A fim de harmonizar os dispositivos citados, em regra os tribunais limitam o acesso ao processo eletrônico apenas aos sujeitos processuais (especialmente partes, terceiros, advogados e Ministério Público) e, mediante requerimento, pode ser fornecida a chave de acesso ao processo para terceiros, caso não haja restrição imposta pelo sigilo extraprocessual.
Ressalta-se a existência de decisões contrárias, como, por exemplo, no Procedimento de Controle Administrativo nº 0000547-84.2011.2.00.0000, do Conselho Nacional de Justiça, no qual se analisou o Provimento nº 89/2010, do Tribunal Regional Federal da 2ª Região, e a Resolução nº 16/2009, do Tribunal de Justiça do Rio de Janeiro. No julgamento, o CNJ concluiu que “aos advogados não vinculados ao processo, mas que já estejam credenciados no tribunal para acessarem processos eletrônicos (art. 2º da Lei 11.419/06), deve ser permitida a livre e automática consulta a quaisquer autos eletrônicos, salvo os casos de processos em sigilo ou segredo de justiça”.
Para resolver essa questão, a Lei nº 13.793/2019, em vigor a partir de 4 de janeiro de 2019, inseriu dispositivos no Estatuto da Advocacia (Lei nº 8.906/94), na Lei do Processo Eletrônico (Lei nº 11.419/2006) e no Código de Processo Civil (Lei nº 13.105/2015), para, de modo padronizado, regular o acesso dos advogados aos processos eletrônicos, com fundamento na norma fundamental da publicidade dos atos processuais (art. 93, IX, da Constituição e art. 11 do CPC).
Em primeiro lugar, a Lei nº 13.793/2019 alterou o § 6º do art. 11 da Lei nº 11.419/2006, para permitir expressamente o acesso de qualquer advogado aos atos do processo eletrônico (mesmo que não represente nenhum dos sujeitos processuais), ressalvado aqueles protegidos pelo segredo de justiça, que só podem ser consultados por advogado com procuração nos autos. Conforme o dispositivo legal:
Os documentos digitalizados juntados em processo eletrônico estarão disponíveis para acesso por meio da rede externa pelas respectivas partes processuais, pelos advogados, independentemente de procuração nos autos, pelos membros do Ministério Público e pelos magistrados, sem prejuízo da possibilidade de visualização nas secretarias dos órgãos julgadores, à exceção daqueles que tramitarem em segredo de justiça.
Ainda, a lei referida adicionou o § 7º ao art. 11 da Lei nº 11.419/2006, para prever:
Os sistemas de informações pertinentes a processos eletrônicos devem possibilitar que advogados, procuradores e membros do Ministério Público cadastrados, mas não vinculados a processo previamente identificado, acessem automaticamente todos os atos e documentos processuais armazenados em meio eletrônico, desde que demonstrado interesse para fins apenas de registro, salvo nos casos de processos em segredo de justiça.

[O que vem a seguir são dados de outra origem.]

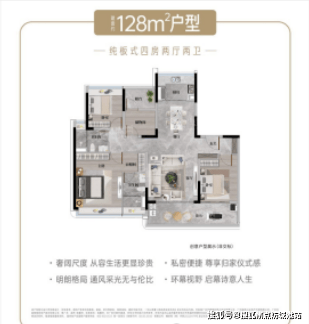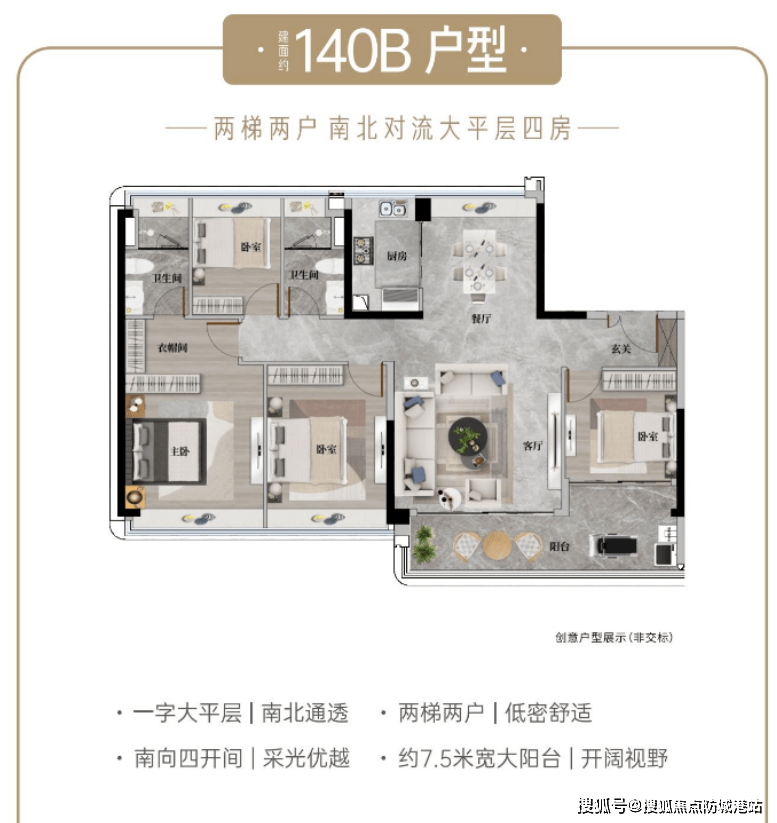 对于多人口家庭,或者想要一步到位的改善家庭来说,建面约140-143㎡的四室两厅两卫户型,绝对是不二之选。这个户型采用2梯2户设计,专梯入户,能够极大地提升业主的居住私密性和尊贵感,不用忍受挤电梯的烦恼,而且入户玄关空间宽敞,可以摆放鞋柜、衣柜等,实用性很强。

O dispositivo regula o cumprimento do § 6º do art. 11, ao determinar a viabilização do acesso aos atos processuais eletrônicos públicos pelos advogados (públicos ou privados) e integrantes do Ministério Público já cadastrados no sistema eletrônico do tribunal, independentemente de autorização prévia, mesmo que não atuem especificamente no processo que pretendem examinar.
De modo similar, a Lei nº 13.793/2019 inseriu o § 13 ao art. 7º da Lei nº 8.906/94, para esclarecer que “o disposto nos incisos XIII e XIV do caput deste artigo aplica-se integralmente a processos e a procedimentos eletrônicos, ressalvado o disposto nos §§ 10 e 11 deste artigo”. Isso significa que, em decorrência do princípio da publicidade, qualquer advogado tem o direito de examinar quaisquer autos de processo administrativo ou judicial (inclusive de prisão em flagrante, investigações e inquéritos policiais), encerrado ou em andamento, ainda que não tenha procuração, salvo nos casos de segredo de justiça (situação em que o seu acesso depende de procuração, de acordo com a publicidade endoprocessual).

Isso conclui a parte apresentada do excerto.